WHAT TO DO:
Restate the following data in its entirety, word for word and without images.

PROVIDED MATERIAL:
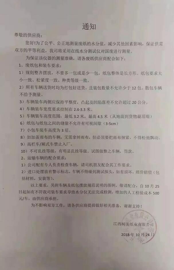 一、浙江嘉興景興紙業,國內廢紙收購相關要求。(可點擊圖片,放大🔍查看)
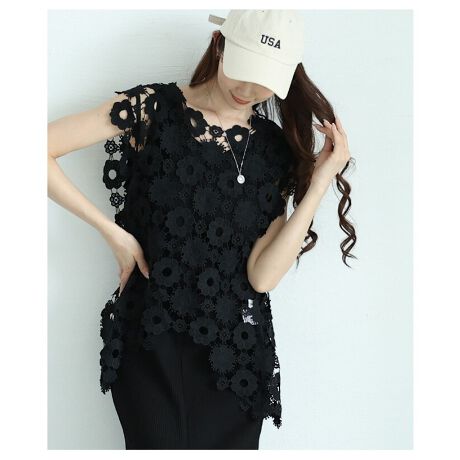 【ベスト】 トップス プルオーバー カットソー ブラック 黒 白 ホワイト ノースリーブ レース 花
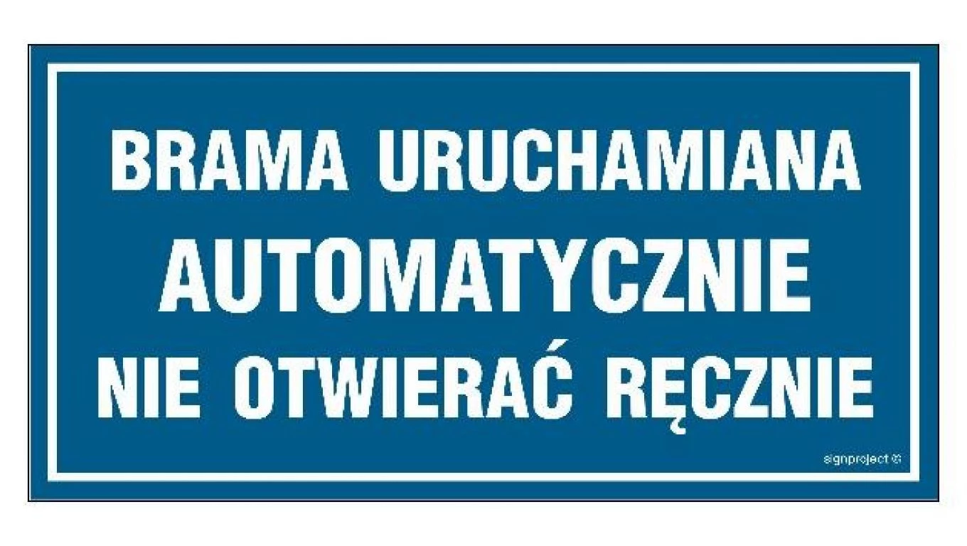ZNAK - NC044 Brama uruchamiana automatycznie nie otwierać ręcznie 60 x 30 cm PN - Płyta 1mm

RESPONSE AREA:
 一、浙江嘉興景興紙業,國內廢紙收購相關要求。(可點擊圖片,放大🔍查看)
 【ベスト】 トップス プルオーバー カットソー ブラック 黒 白 ホワイト ノースリーブ レース 花
ZNAK - NC044 Brama uruchamiana automatycznie nie otwierać ręcznie 60 x 30 cm PN - Płyta 1mm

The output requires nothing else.